6. Endpoint device protection
End points need to be protected. This is well known for a decade now. There is nothing new in it. All backup applications backup end point devices like desktops & laptops. Agent deployment, backing up only critical data, auto schedule, auto retention are all the standard features available in all end point backup applications.
What is becoming more relevant is making them more secure. Look out for features like Geo location and Remote Wipe. Geo location can help you locate your lost devices. Remote Wipe can be configured to ensure that the data from the lost laptop is deleted if the person having the laptop is able to boot it up on the OS. The backup agent contacts the backup server and the backup server signals data deletion. You get secure that your lost data is not being utilized.

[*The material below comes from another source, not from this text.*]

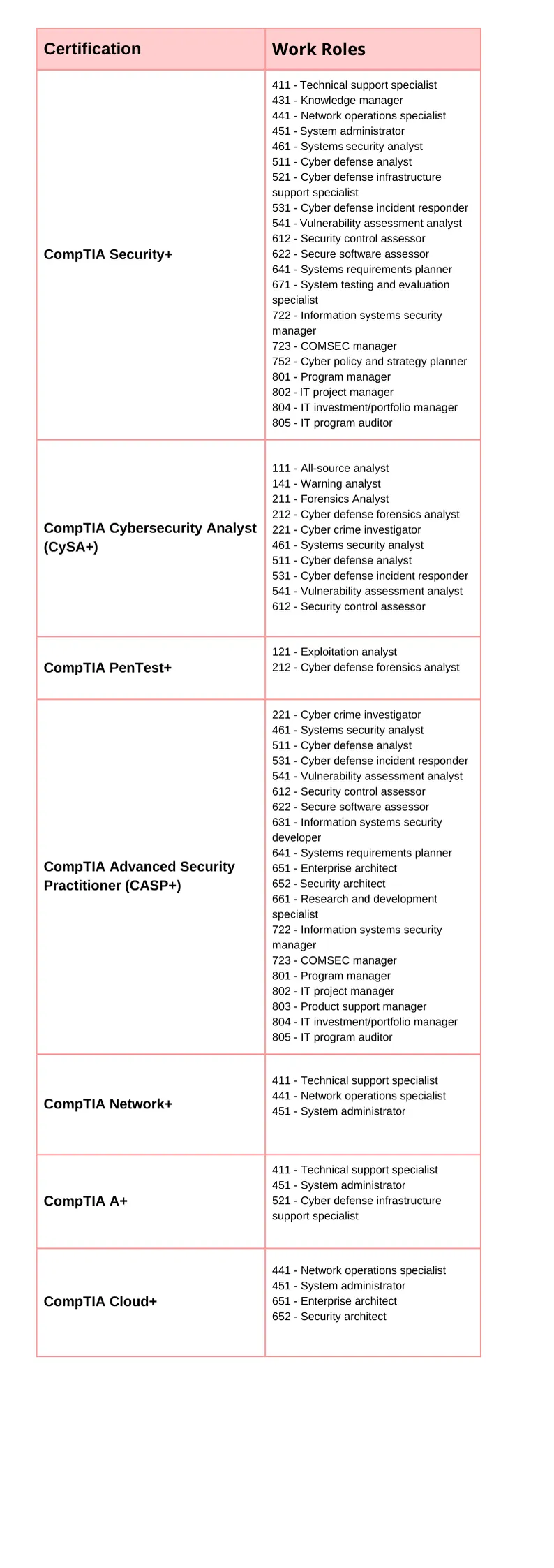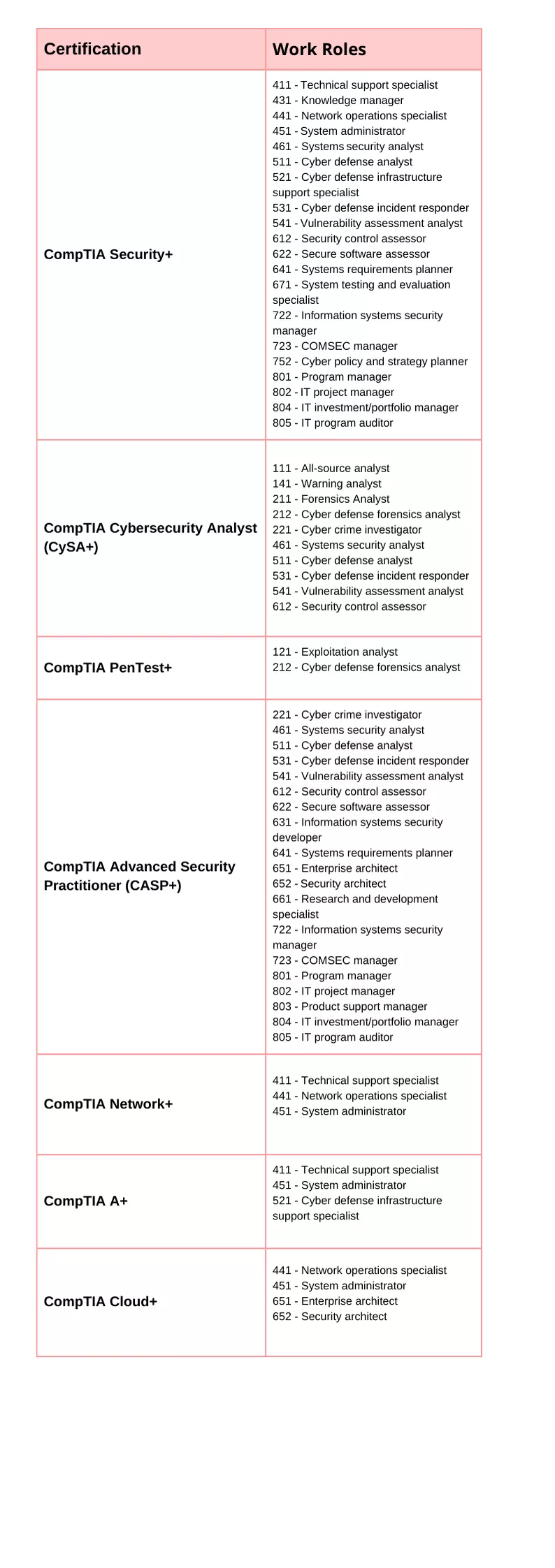 W chwili pisania tego tekstu CompTIA jest zatwierdzona dla siedmiu certyfikatów obejmujących 31 ról zawodowych.

The definition of end points has also changed these days. It is no more restricted to laptops and smart phones. You are deploying your applications on new end point devices like edge, cloud, SaaS platforms. They all need protection and backups. Don’t ignore them. Go for backup strategy that is capable of taking care of them & ensure they are backed up.
Equipment's today come with an integrated PC/server. Diagnostic tools, research data all reside here when it is created. Adoption of POS applications, IoT enabled applications running on WiFi devices is growing rapidly. Therefore, you should ensure that your backup infrastructure is able to take care of these devices.